• **Activity**
The whole listing should come back exactly as written, except for the pictures.

• **Given information**

•••

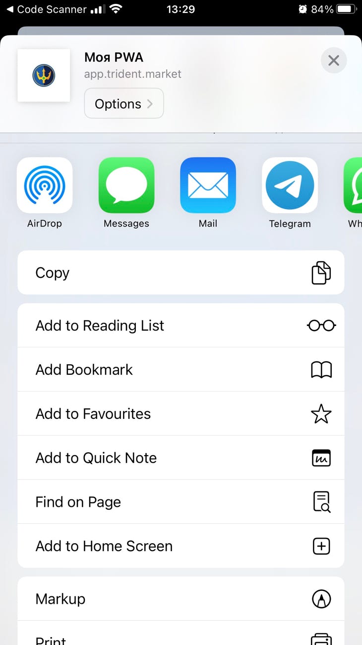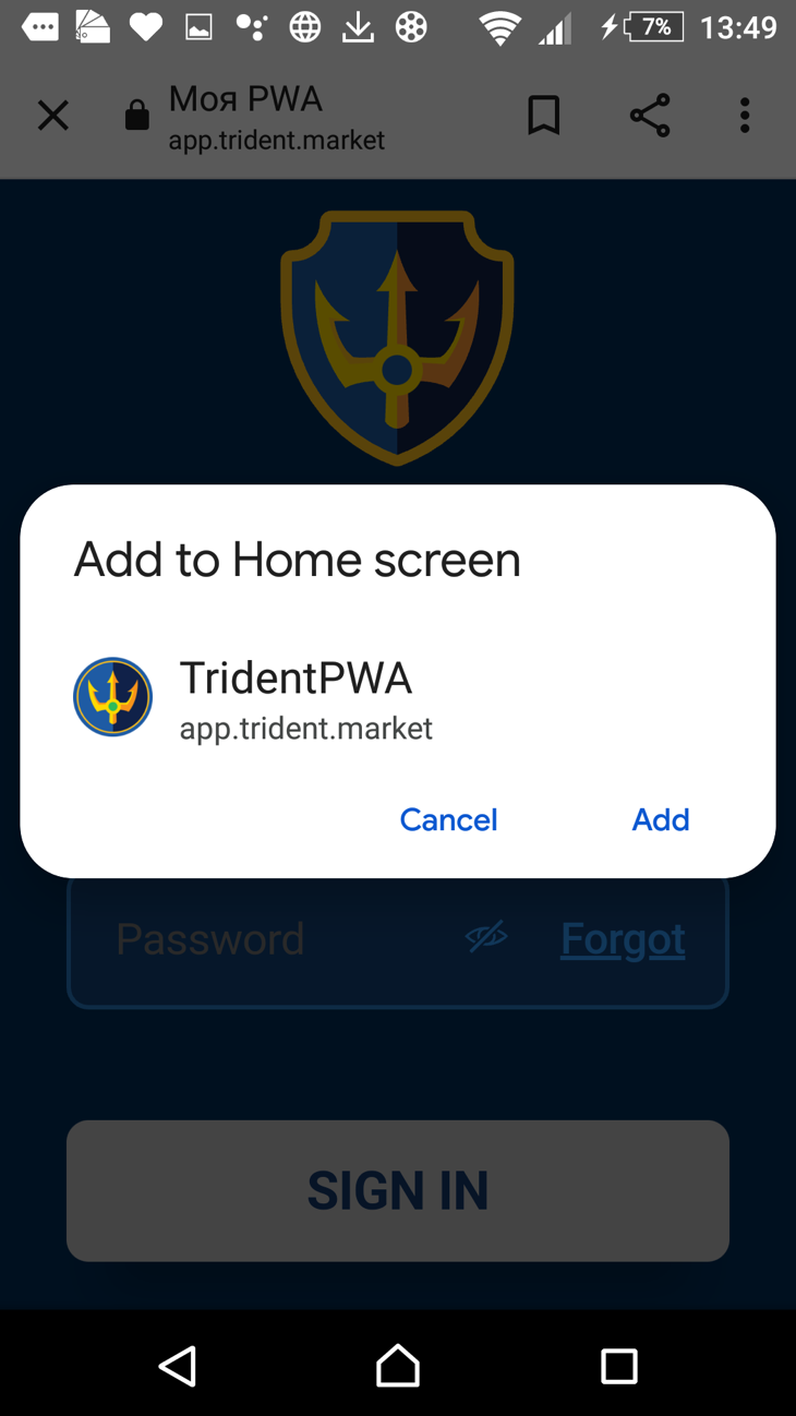 The default Chrome browser is capable of installing PWAs for Android. First, navigate to the site in Chrome. Press the "three dot" icon in the upper right to open the menu. Select "Add to Home screen." Press the "Add" button in the popup. The PWA is now installed and available on your home screen.
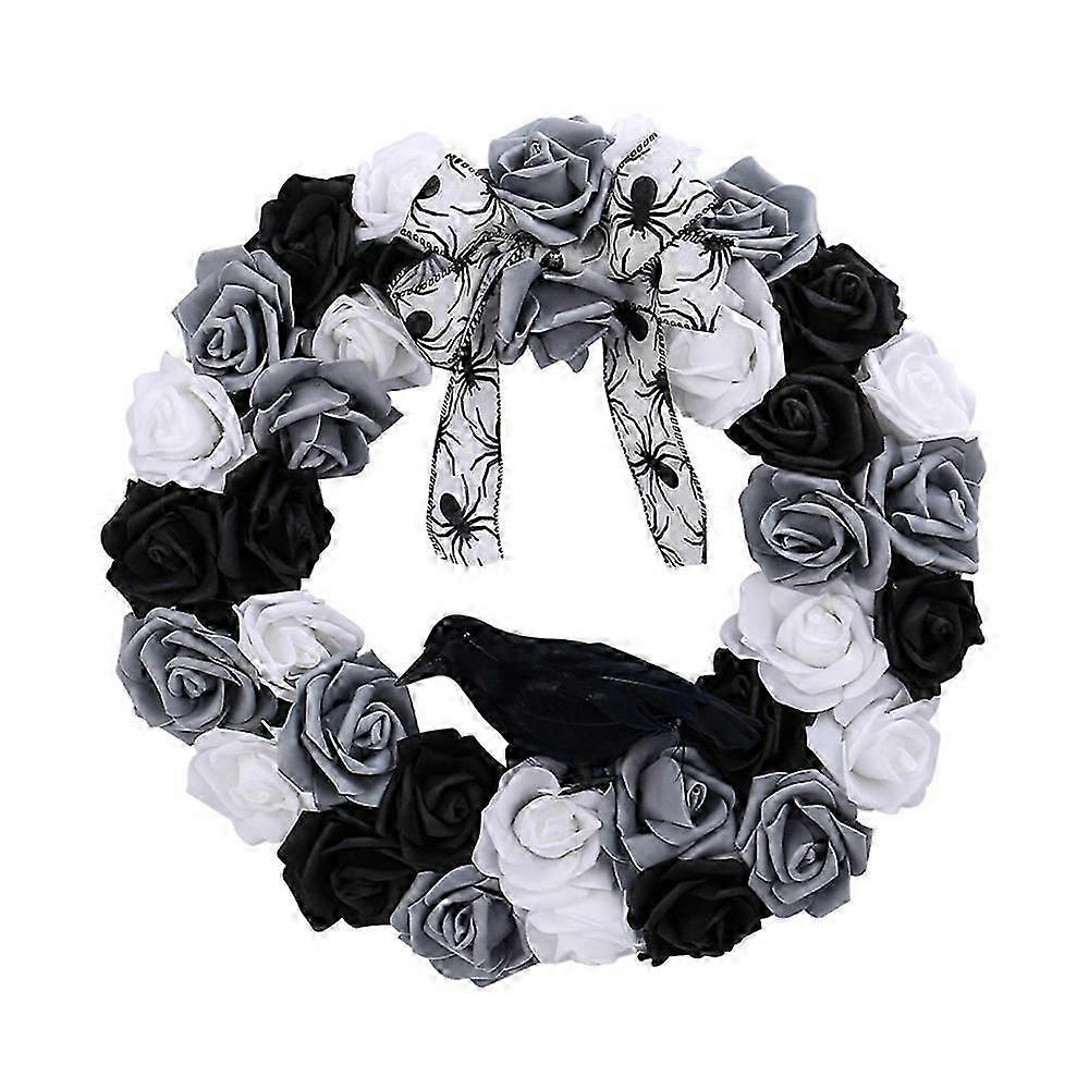 Halloween Wreath Black White Rose Crow Ghastly Party Decor Artificial Flower Garland Spooky Door Hanging
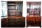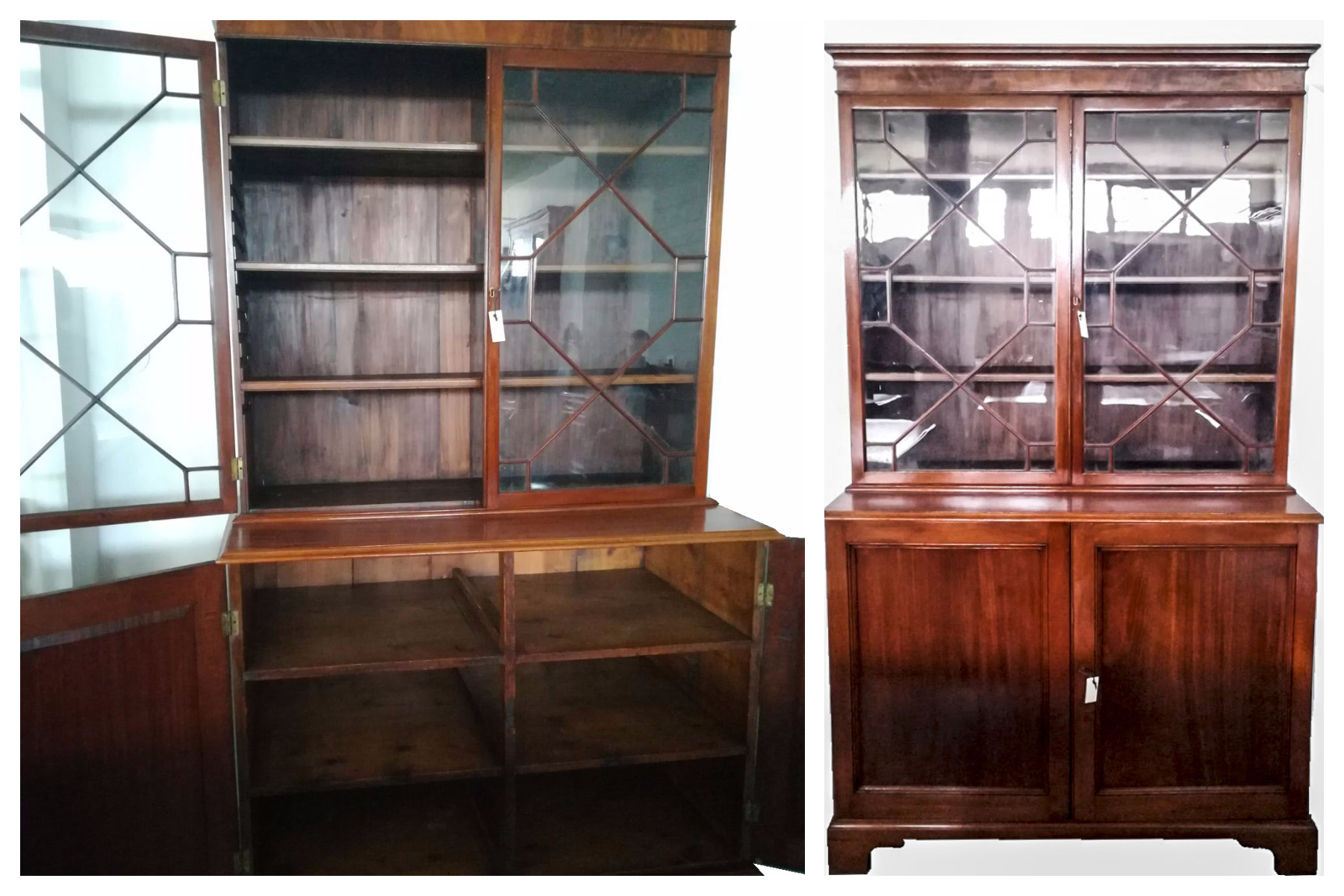 CREDENZA / VETRINA. Elegante credenza a doppio corpo composta da un ampio vano nella parte superiore, suddiviso all'interno da tre mensole, chiudente a due ante in vetro imprezziosite da un disegno geometrico con sottili lesene decorative. La parte inferiore del mobile chiude con due ante in legno. Le serrature sono entrambe funzionanti. La credenza vetrina e di buona capienza. Dimensioni H 202 cm, L 117 cm, P 58 cm.
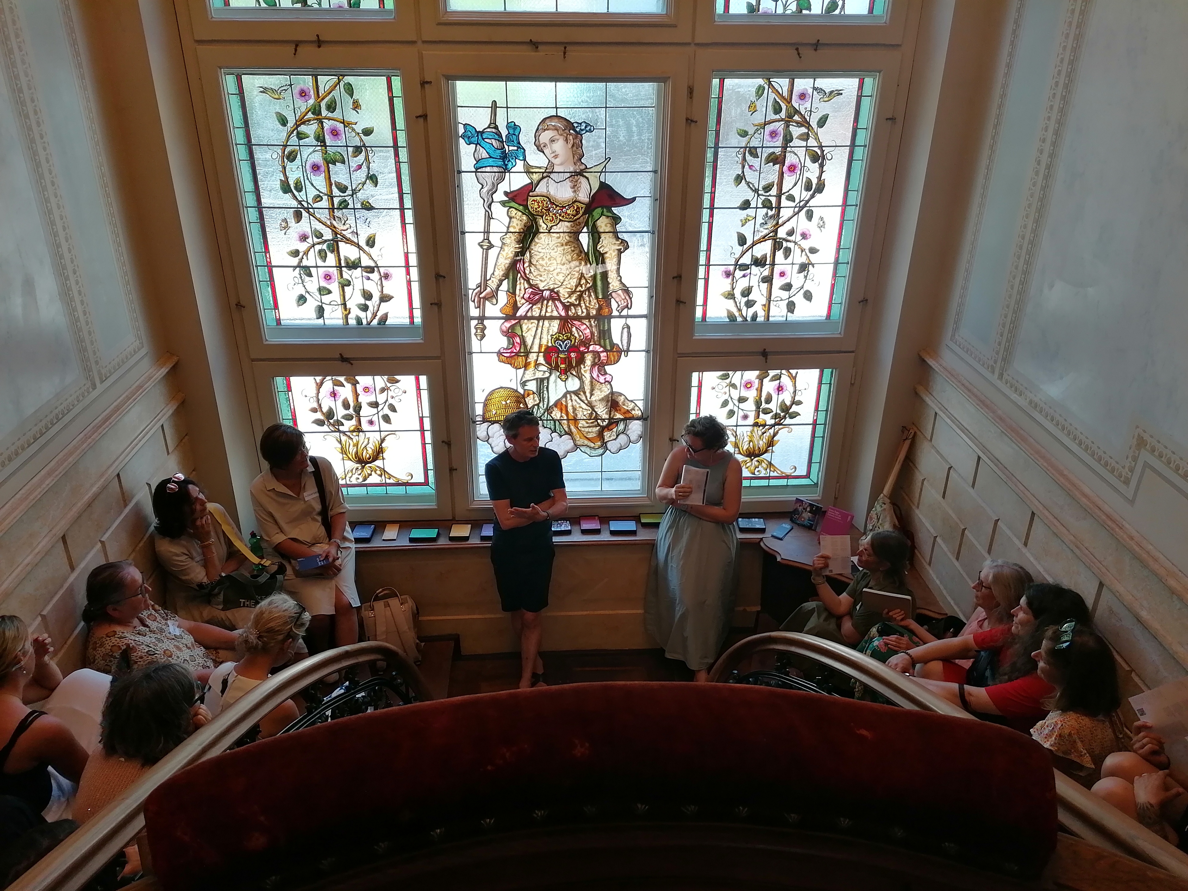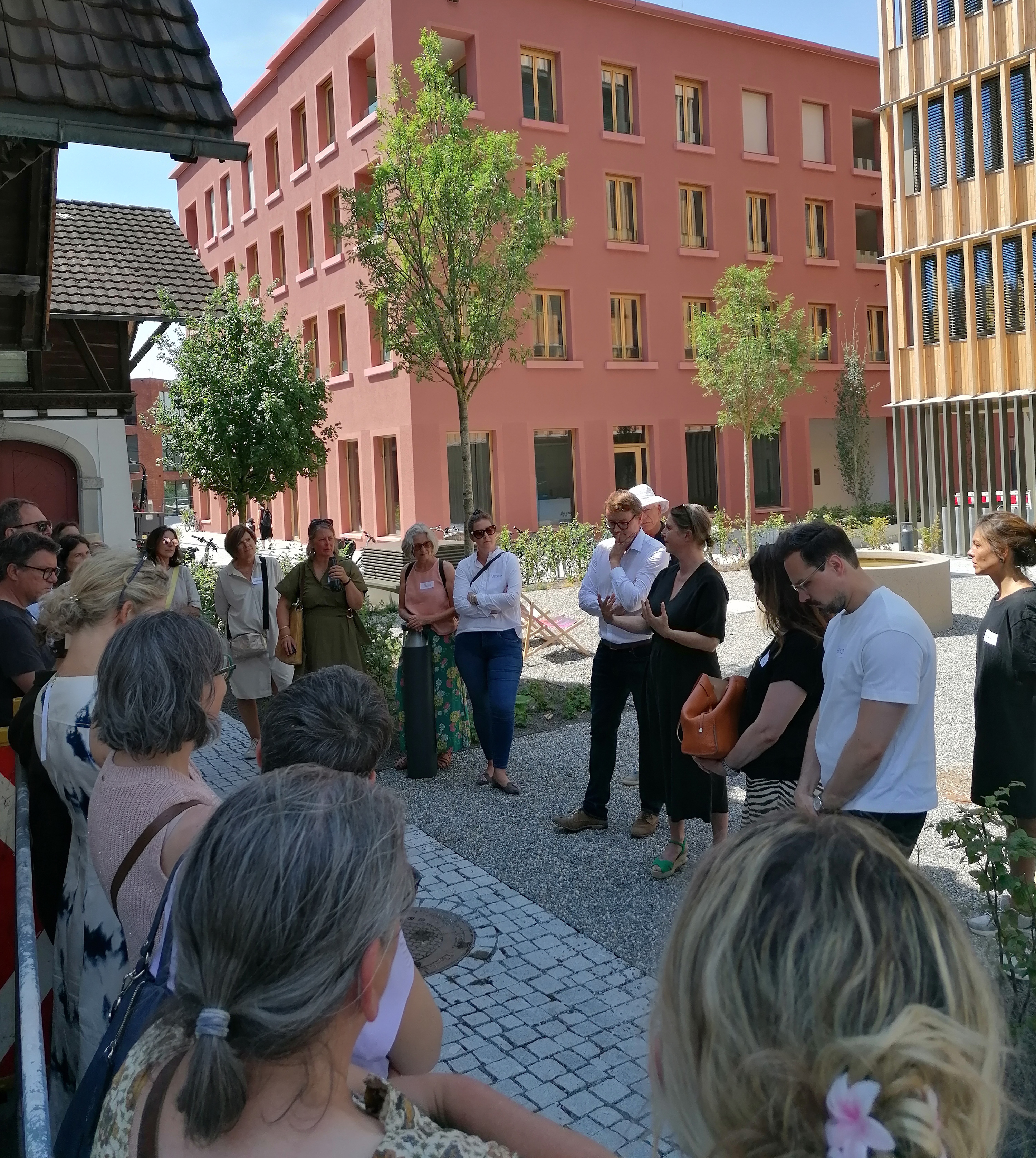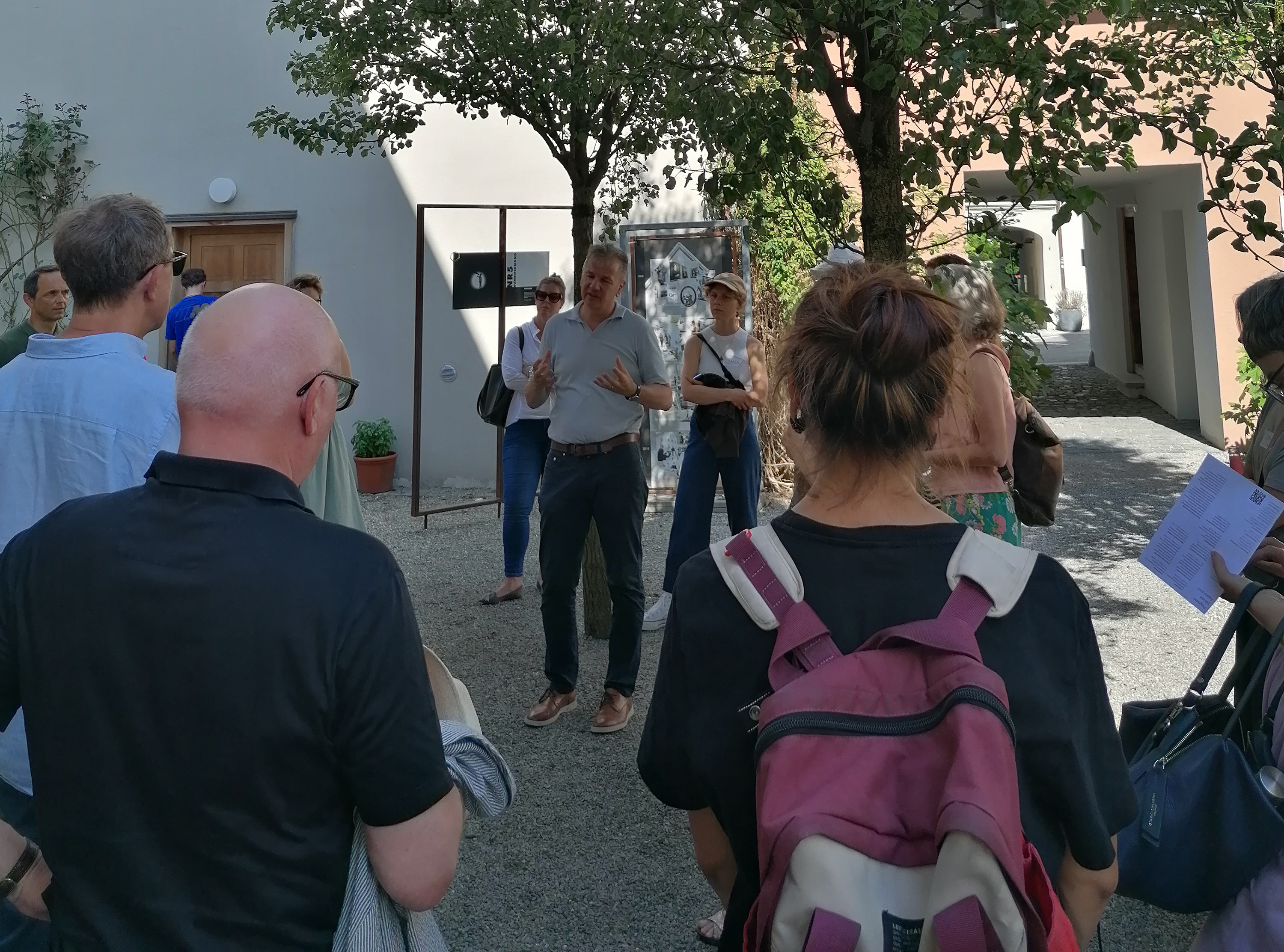 Erste Station der Exkursion war das Literaturhaus Vorarlberg. Dessen Mitbegründer, der Schriftsteller Wolfgang Mörth, führte durch die Räume und Programmschienen und erzählte von persönlichen Erfahrungen beim Kooperieren von Kulturschaffenden und Gastgebenden. Stadtentwickler Markus Schadenbauer berichtete beim Gang durch die Marktgasse über das kreative Geschehen und aktuelle Entwicklungen in Hohenems. Danach zeigte die Künstlerin Nina Teresa Feuerstein den Besucherinnen und Besuchern ihr Atelier in der alten Kanzlei. Zum Abschluss ging es bei Stefanie Brugger im Moritz Bio-Restaurant darum, welche noch ungenutzten Kooperationspotenziale zwischen Kultur und Gastgebenden es gibt.

•••

• **Written solution**
 The default Chrome browser is capable of installing PWAs for Android. First, navigate to the site in Chrome. Press the "three dot" icon in the upper right to open the menu. Select "Add to Home screen." Press the "Add" button in the popup. The PWA is now installed and available on your home screen.
 Halloween Wreath Black White Rose Crow Ghastly Party Decor Artificial Flower Garland Spooky Door Hanging
 CREDENZA / VETRINA. Elegante credenza a doppio corpo composta da un ampio vano nella parte superiore, suddiviso all'interno da tre mensole, chiudente a due ante in vetro imprezziosite da un disegno geometrico con sottili lesene decorative. La parte inferiore del mobile chiude con due ante in legno. Le serrature sono entrambe funzionanti. La credenza vetrina e di buona capienza. Dimensioni H 202 cm, L 117 cm, P 58 cm.
 Erste Station der Exkursion war das Literaturhaus Vorarlberg. Dessen Mitbegründer, der Schriftsteller Wolfgang Mörth, führte durch die Räume und Programmschienen und erzählte von persönlichen Erfahrungen beim Kooperieren von Kulturschaffenden und Gastgebenden. Stadtentwickler Markus Schadenbauer berichtete beim Gang durch die Marktgasse über das kreative Geschehen und aktuelle Entwicklungen in Hohenems. Danach zeigte die Künstlerin Nina Teresa Feuerstein den Besucherinnen und Besuchern ihr Atelier in der alten Kanzlei. Zum Abschluss ging es bei Stefanie Brugger im Moritz Bio-Restaurant darum, welche noch ungenutzten Kooperationspotenziale zwischen Kultur und Gastgebenden es gibt.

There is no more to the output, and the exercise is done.